Anxieties of pregnant women in pandemic

Struggles of a new mother echo those of many others delivering during the pandemic

In Summary

• The lockdown has kept new mothers from families and friends, contrary to tradition 

• This compounds the stress they already have from fear of contracting the coronavirus

Pregnant women wait to be admitted at Pumwani Maternity Hospital
Pregnant women wait to be admitted at Pumwani Maternity Hospital
Image: FILE

When the first case of Covid-19 was recorded in Kenya on March 13, Chari Suche, a journalist, was eight months pregnant.

Anxiety and fear of the unknown gripped her and her husband.

“I had planned to travel to Kwale, where I would deliver with the assistance of my mother," she said.


"But then I realised I could not travel since I would be putting myself and my unborn child at risk of getting infected."

Suche had to make a hard decision of giving birth in Nairobi, 500km from her home, among her extended family and husband, which is contrary to their traditions.

“When a woman delivers, she should be around her family, especially mother, who will nurse her until when she heals. But Covid-19 denied me that opportunity,” she said.

Suche and her husband had to hire a gynaecologist who would monitor her progress closely since she had a delicate pregnancy, especially during the last trimester.

Then came curfew and Suche's worries shifted from getting infected with Covid-19 to going into labour beyond curfew hours.

The stress of the entire situation resulted in an overdue pregnancy, meaning she went past her due date and the labour seemed not to be anywhere near.

She would feel the contractions but they were not progressing, and after consultations with her doctor, the couple decided she had to undergo a caesarean section.

In the operation, things were normal, with the doctors wearing masks while she was put on inhalers to help her breath.

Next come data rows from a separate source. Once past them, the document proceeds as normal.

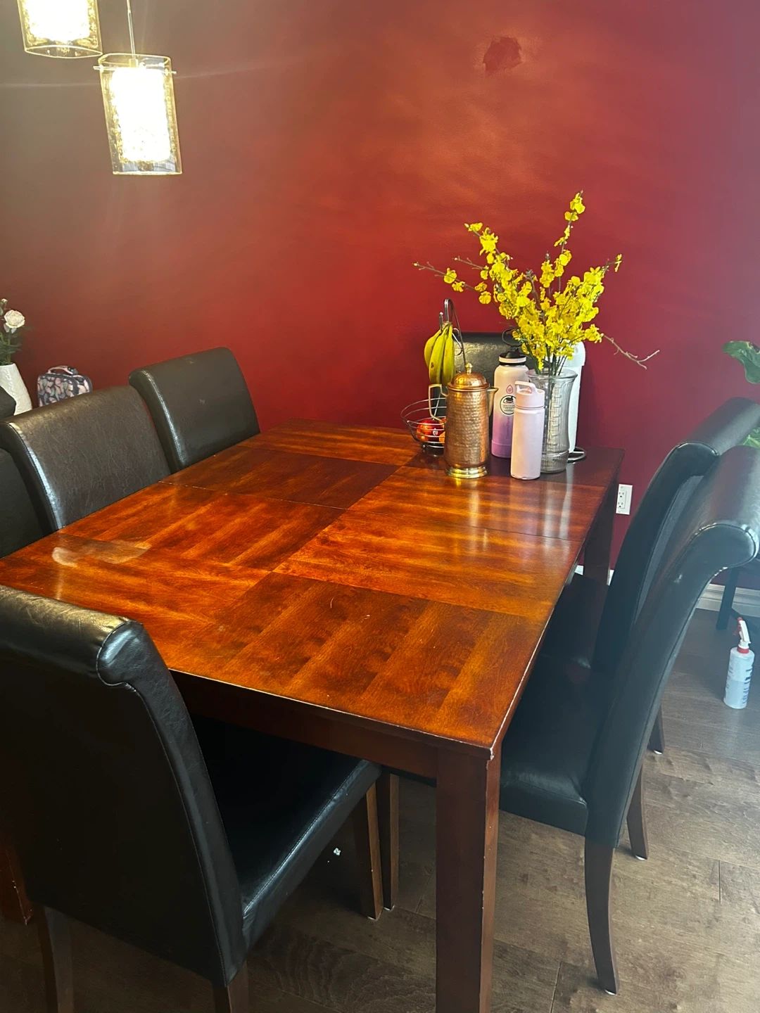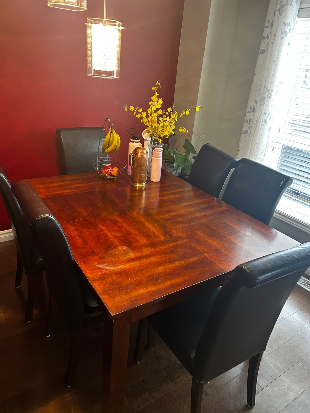 This beautiful wooden dining table comfortably seats six people. It's made of rich, dark wood with a parquet inlay design on the tabletop. The set includes six matching black faux leather chairs.it’s come with extension.
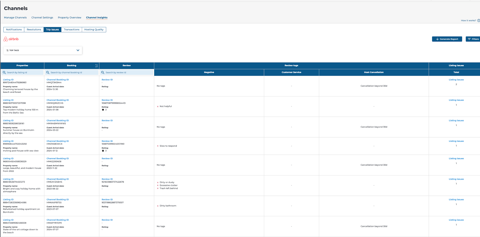 - Hosting Quality – an overview of the hosting quality status for each property.
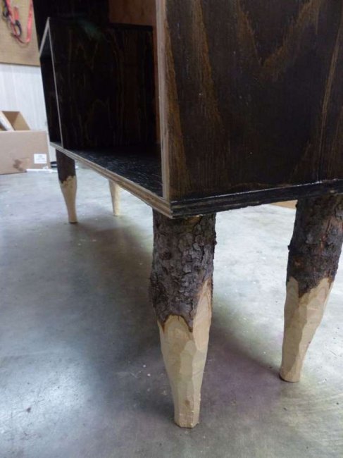Для начала необходимо облагородить старую тумбу. Все срезы обрабатываем наждачной бумагой, окрашиваем в любой цвет или просто покрываем лаком. Затем надо нарезать куски труб подходящего размера специальной ножовкой. На следующем этапе обрабатываем получившиеся ячейки ацетоном и окрашиваем в нужный цвет с помощью аэрозольного баллончика. Скрепляем все элементы веревкой, скотчем или клеем.
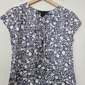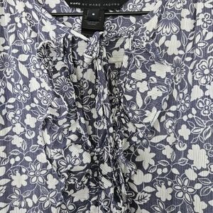 Marc by Marc Jacobs shift dress. Blue and white flowers. Cap sleeves. V neck with neck tie and ruffles. Lined. Side zipper.
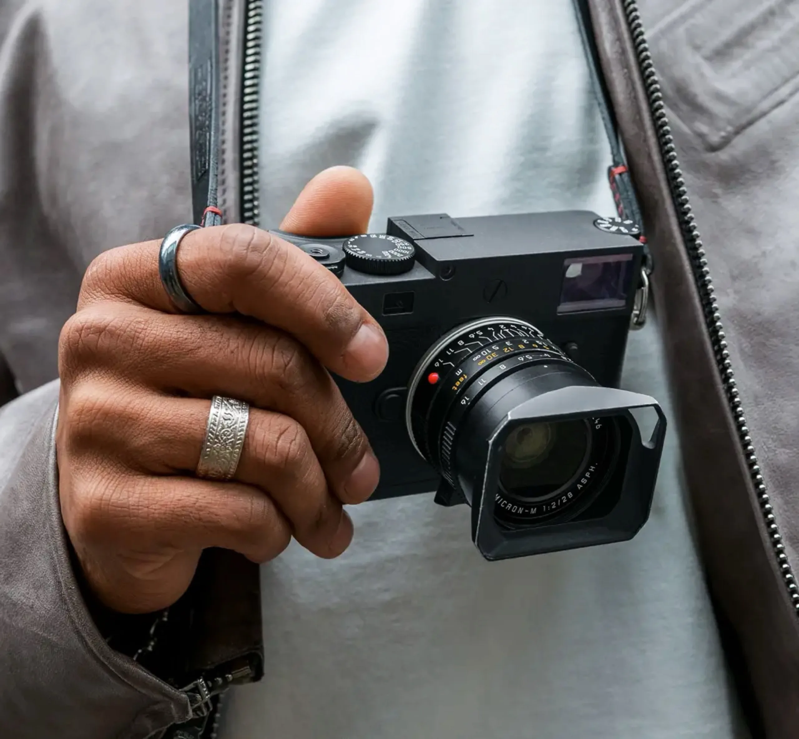 O design da foto tem duas vantagens em relação ao da Leica M11. Primeiro, o controle deslizante que libera a bateria do corpo pode ser operado mais facilmente em sua nova posição, enquanto uma placa de liberação rápida é fixada na câmera. Em segundo lugar, a Leica adiciona três contatos metálicos para acessórios. Na Leica Q3, eles são usados para uma alça de mão que permite que a câmera carregue sem fio em uma base de carregamento Qi.
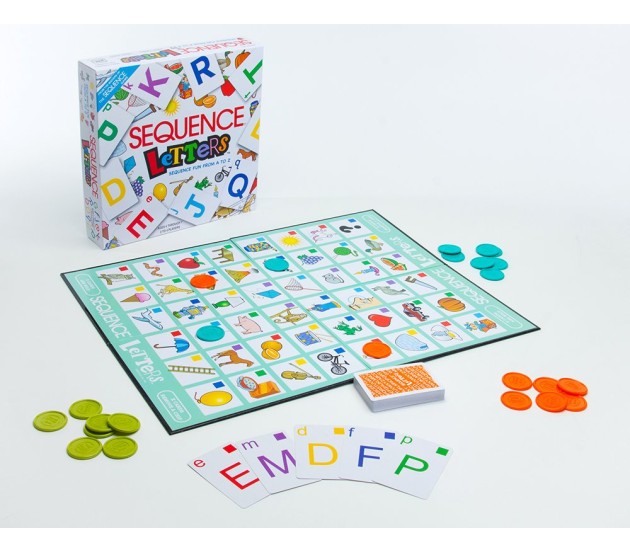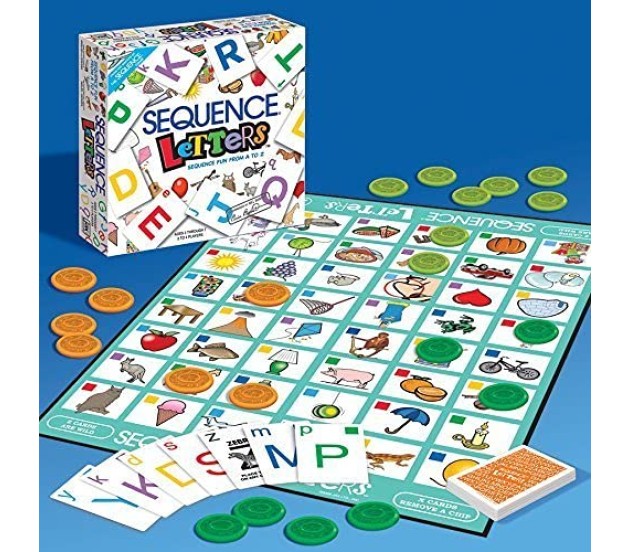 Excellent Family Fun Indoor Educational Board Game which teaches kids to learn alphabets and letters by making a sequence of coins and provides hours of fun for the family. Players sound out the letter on their card, match it to the beginning sound of the picture on the game board for ages 4-7 and 2-4 players.The sequence letters game will help your kids to learn the alphabets, color and shape recognition.1 x playing board, 52 cards, playing chips, game instruction.Colored squares on the cards and game board help with faster recognition. When you have 3 of your chips in a row, you've got a sequence. Ages 4 and up, 2-4 players
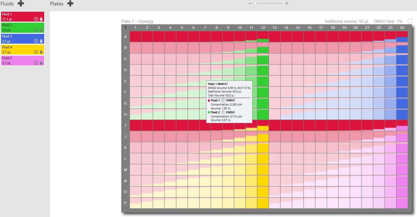 Det er et enkelt oppsett for titrering av medikamenter for IC50 og EC50 bestemmelser. Synergitester utføres med flere forskjellige væsker.

“But even then, what ran in my mind was if my baby would be fine or would he be infected while being attended to? These are worries for any mother who has delivered or is about to deliver during this crisis,” she said.

Suche said being under the care of experienced doctors, she was able to deliver well and later left the hospital with her baby without any complications or infection, contrary to her worries.


In the African set-up, a baby is warmly welcomed by family and friends by visiting the new mother and keeping her company.

The presence of family members and friends is also to ease the burden of the new mother of taking care of the baby and reliving her anytime she needs to take a rest.

But with Covid-19, many mothers have been or will be denied this opportunity and will have to struggle by themselves or with the help of their partners.

Suche was lucky that they had acquired a good house help, who assisted her with the house chores while the husband gave her a helping hand in handling the infant.

But for mothers who lack that basic support, experts warn that it is easy for them to suffer emotional disorder or worse still, sink into postpartum depression.

Dr Muinga Chokwe, a mental health specialist based in Mombasa, said emotional disorder can be identified when the patient is moody, sad and irritable.

“This can happen if the baby is irritable or restless, thus making the new mother emotional or stressed out," he said.

Chokwe said a new parent needs assistance with the baby anytime it is needed and that is why she needs family and friends around her after delivery.

Alternatively, nurses and doctors who deliver her should take a personal initiative to closely follow up their patient while monitoring her situation.